INSTRUCTIONS TO FOLLOW | Only the stretch below from the line holding "Deutsche IBAN, Buchhaltungsschnittstellen, Debitkarten" through the line holding "Das Material des" should be restated, word for word and with both ends included; pictures stay out.

RECORDS PROVIDED |
"""
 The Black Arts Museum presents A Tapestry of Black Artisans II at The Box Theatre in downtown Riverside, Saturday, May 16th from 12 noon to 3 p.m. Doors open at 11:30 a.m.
"""
"""
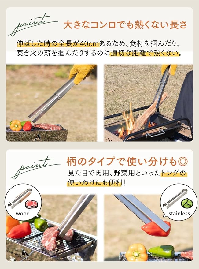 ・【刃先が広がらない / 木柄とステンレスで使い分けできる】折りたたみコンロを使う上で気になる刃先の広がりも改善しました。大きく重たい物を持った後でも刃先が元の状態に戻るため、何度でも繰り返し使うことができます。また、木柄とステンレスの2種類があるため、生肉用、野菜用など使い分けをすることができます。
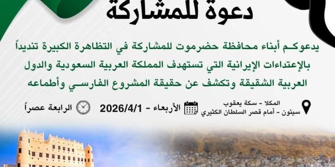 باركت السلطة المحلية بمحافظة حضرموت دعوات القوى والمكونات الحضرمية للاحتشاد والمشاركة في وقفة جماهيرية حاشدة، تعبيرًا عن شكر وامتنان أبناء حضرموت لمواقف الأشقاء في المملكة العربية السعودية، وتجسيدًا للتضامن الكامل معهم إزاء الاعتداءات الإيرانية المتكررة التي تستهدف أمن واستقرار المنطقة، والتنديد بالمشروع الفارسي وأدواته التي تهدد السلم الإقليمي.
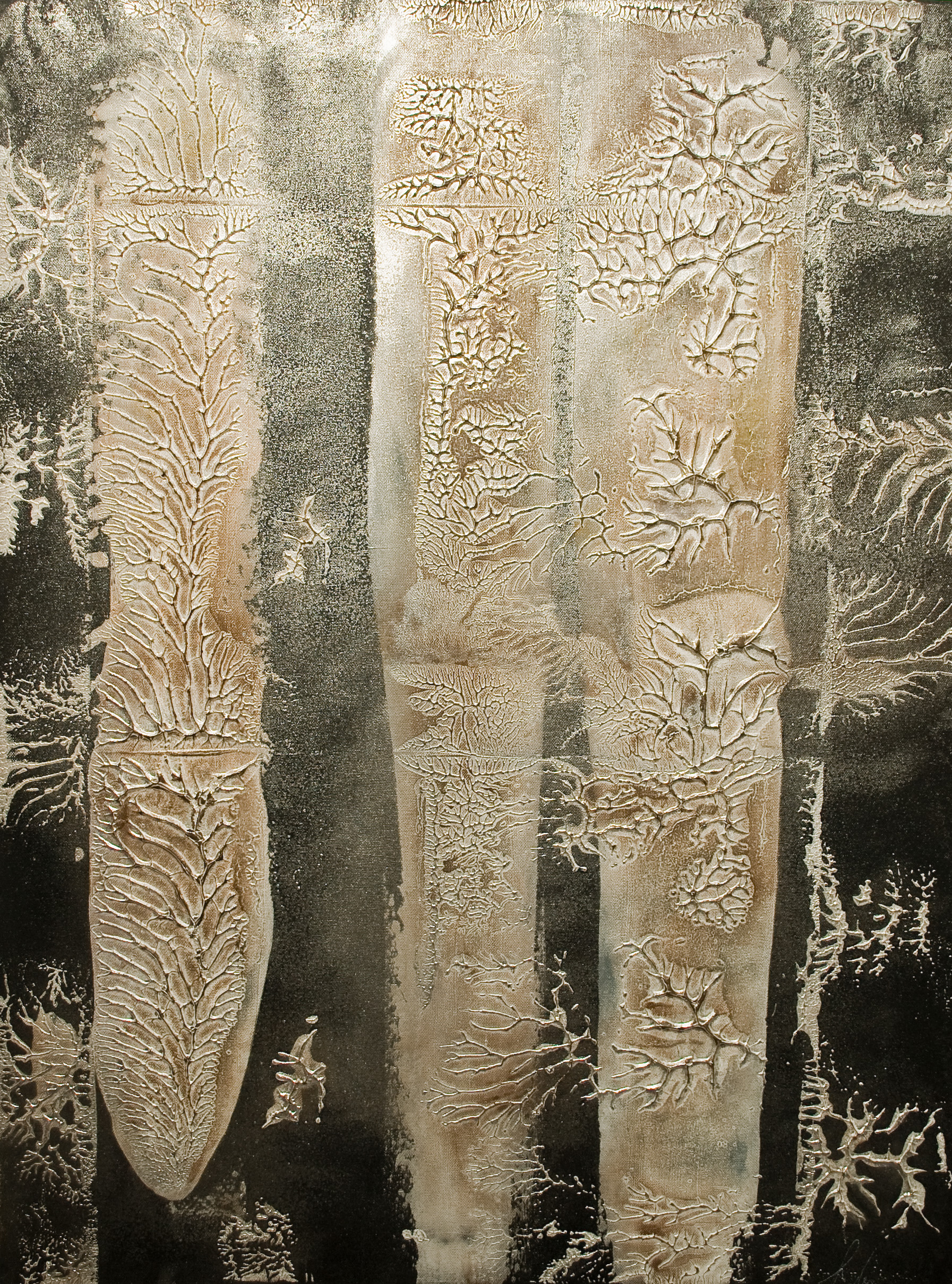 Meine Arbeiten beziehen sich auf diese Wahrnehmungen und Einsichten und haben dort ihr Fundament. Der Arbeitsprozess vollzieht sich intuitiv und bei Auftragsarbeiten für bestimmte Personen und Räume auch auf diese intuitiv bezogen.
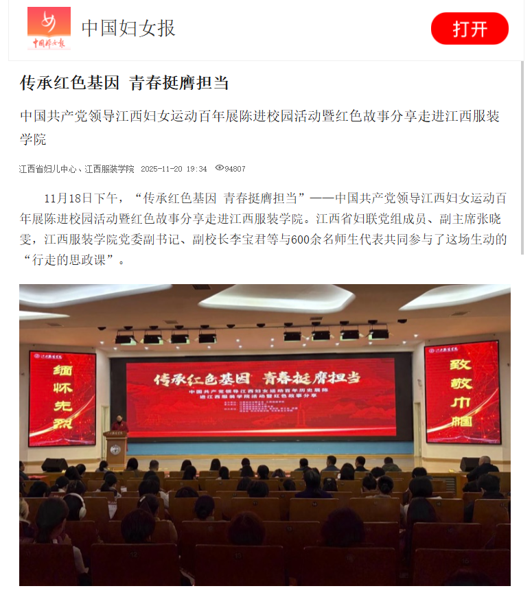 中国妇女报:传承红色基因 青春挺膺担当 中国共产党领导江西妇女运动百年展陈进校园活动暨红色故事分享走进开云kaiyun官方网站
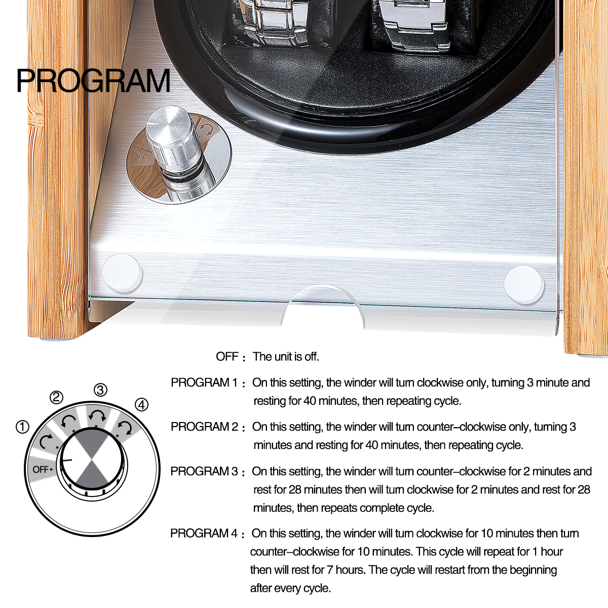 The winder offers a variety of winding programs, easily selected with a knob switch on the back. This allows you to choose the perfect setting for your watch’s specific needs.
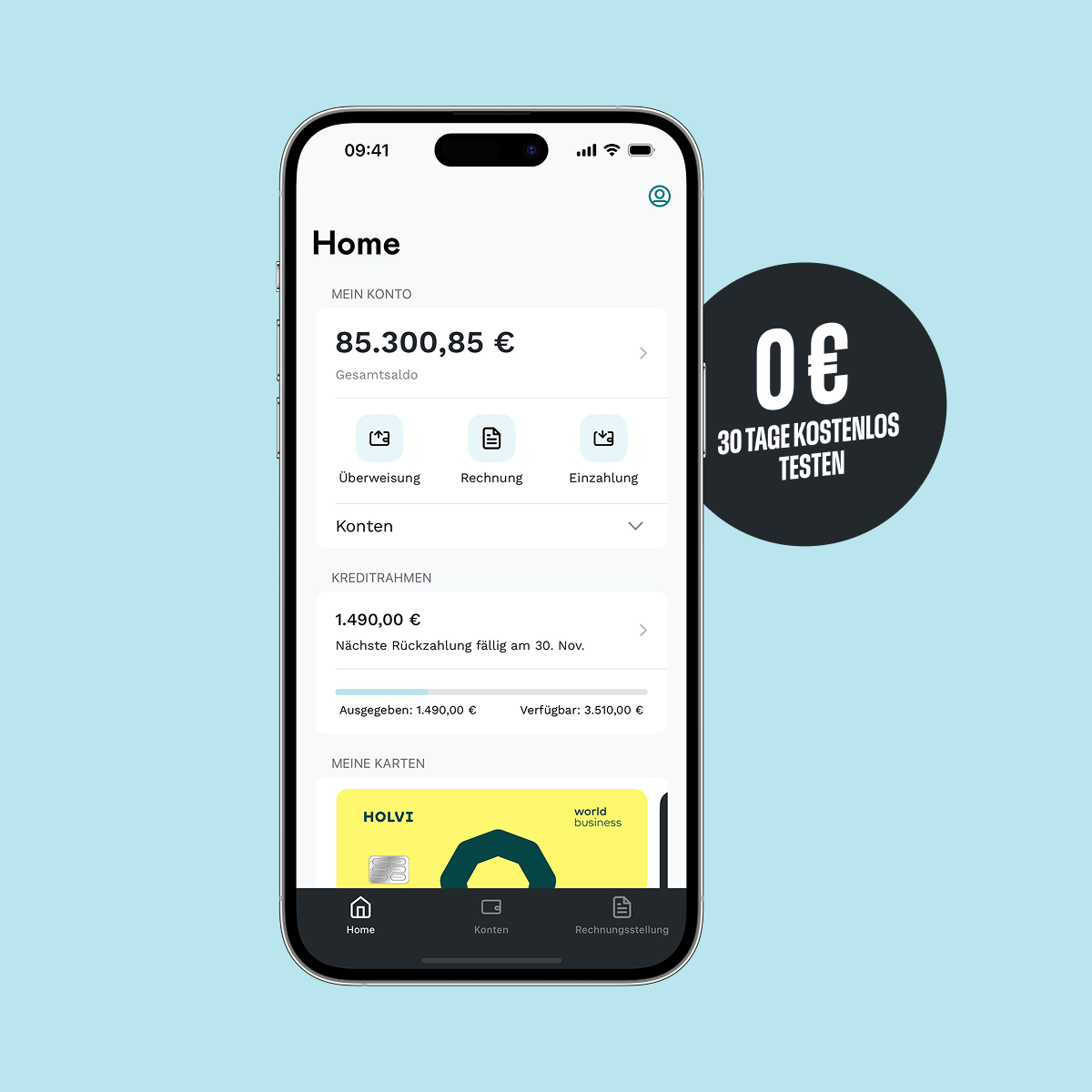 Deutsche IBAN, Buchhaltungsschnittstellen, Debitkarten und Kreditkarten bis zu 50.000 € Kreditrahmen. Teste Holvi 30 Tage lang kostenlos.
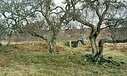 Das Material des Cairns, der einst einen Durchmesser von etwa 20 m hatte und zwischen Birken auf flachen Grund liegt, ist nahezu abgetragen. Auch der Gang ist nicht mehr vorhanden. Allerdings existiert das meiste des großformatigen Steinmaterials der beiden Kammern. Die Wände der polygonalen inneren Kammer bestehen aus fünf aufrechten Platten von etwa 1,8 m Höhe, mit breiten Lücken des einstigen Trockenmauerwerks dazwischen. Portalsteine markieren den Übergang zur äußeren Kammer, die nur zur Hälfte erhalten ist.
"""
ANSWER FOR THE TASK |
 Deutsche IBAN, Buchhaltungsschnittstellen, Debitkarten und Kreditkarten bis zu 50.000 € Kreditrahmen. Teste Holvi 30 Tage lang kostenlos.
 Das Material des Cairns, der einst einen Durchmesser von etwa 20 m hatte und zwischen Birken auf flachen Grund liegt, ist nahezu abgetragen. Auch der Gang ist nicht mehr vorhanden. Allerdings existiert das meiste des großformatigen Steinmaterials der beiden Kammern. Die Wände der polygonalen inneren Kammer bestehen aus fünf aufrechten Platten von etwa 1,8 m Höhe, mit breiten Lücken des einstigen Trockenmauerwerks dazwischen. Portalsteine markieren den Übergang zur äußeren Kammer, die nur zur Hälfte erhalten ist.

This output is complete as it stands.